Determined to have Blackfoot recognized officially and used in the school curriculum, Lena became one of the first from her Tribe to begin writing her people’s language, which had remained almost completely oral to that point. She went on to produce 13 books, including Blackfoot Stories of Old, which have become invaluable resources for students and teachers. Lena worked with graphic artist and adopted son William Singer III to ensure her Blackfoot curriculum books would be used as visual and grammatical reference teaching materials for students. She gained particular attention for her ground-breaking Blackfoot translation of John McCrae’s classic World War I poem “In Flanders Fields,” which she is often called upon to recite at Remembrance Day ceremonies.
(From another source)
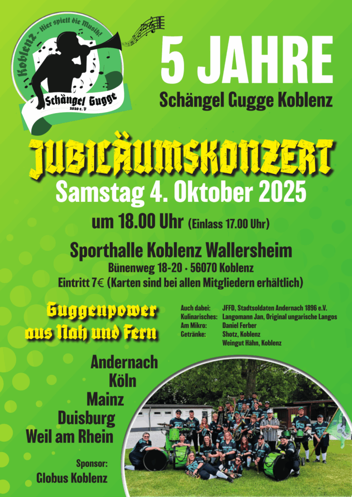 Am Samstag, den 4. Oktober 2025, steigt unser großes Jubiläumskonzert in der Sporthalle Koblenz-Wallersheim.

Lena’s translation is now housed in Holland, taking its rightful place in a veterans’ museum.
Lena would go on to teach the Blackfoot language and general literacy skills for more than 50 years. Along the way, she partnered with Alberta Education to develop a Blackfoot curriculum for grades 7 to 12, which remains in use today. She is a proud member of the Aitsi’poyiiksi, a group dedicated to preserving the Blackfoot language. Her life’s work has done much to ensure that the Blackfoot have the knowledge they need to sustain this priceless piece of their heritage, now and forever.
Strongly community-minded, Lena has served with a number of organizations in southern Alberta and on the Kainai First Nation. She was a correspondent and board member at Indian News Media, and a member of the Senate Committee at the University of Lethbridge. Lena spent several years on the board at the Ninastako Cultural Centre, helping to transmit Blackfoot language and culture to younger members of her people. She also served as a board member with the Blood Tribe Police Commission, improving relations between law enforcement and the population. Lena regularly hosted Women’s Weekend Wellness tipi retreats and her tipi, which she made herself, was a fixture at sun dances, Indian Day celebrations and family gatherings for many years.
Lena’s achievements have led to her becoming an honoured Elder among the Kainai and an authority whose expertise is recognized around the world. She has received many accolades for her work, including recognition for 30 years of service at St. Mary’s School, the Blackfoot Confederacy Education Conference Lifetime Achievement Award and the Esquao Award from the Institute for the Advancement of Aboriginal Women. She received an honorary doctorate from the University of Lethbridge in 2006.
Still, Lena is truly defined by the most deeply felt acts of generosity. She was brought up with the Blackfoot belief that help and comfort should be given before they are asked for and she has never failed to live up to that standard. Over the years, Lena has opened her heart and home to kids, adopting so many that even her family can’t keep track of the exact number. She has never hesitated to reach out, once showing up unannounced on the doorstep of a student when she heard he didn’t have appropriate clothing to wear to graduation. Lena took him shopping immediately and then drove him to grad so he could celebrate with everyone else.
This, too, is part of Blackfoot culture, which sees the mother invest everything she has in her children, sewing seeds of love and devotion that will bear fruit in her golden years. Lena’s definition of “her children” has always been broader than everyone else’s, but that’s in keeping with her personality and her long list of accomplishments. Lena continues to reside on the Blood Reserve. She has seven biological children, many traditionally adopted children, 46 grandchildren, 22 great-grandchildren, and three great-great-grandchildren.
She has been a mother to all of the Blackfoot, leading by example, teaching them, protecting them and nurturing their sense of self as they make their way in the world.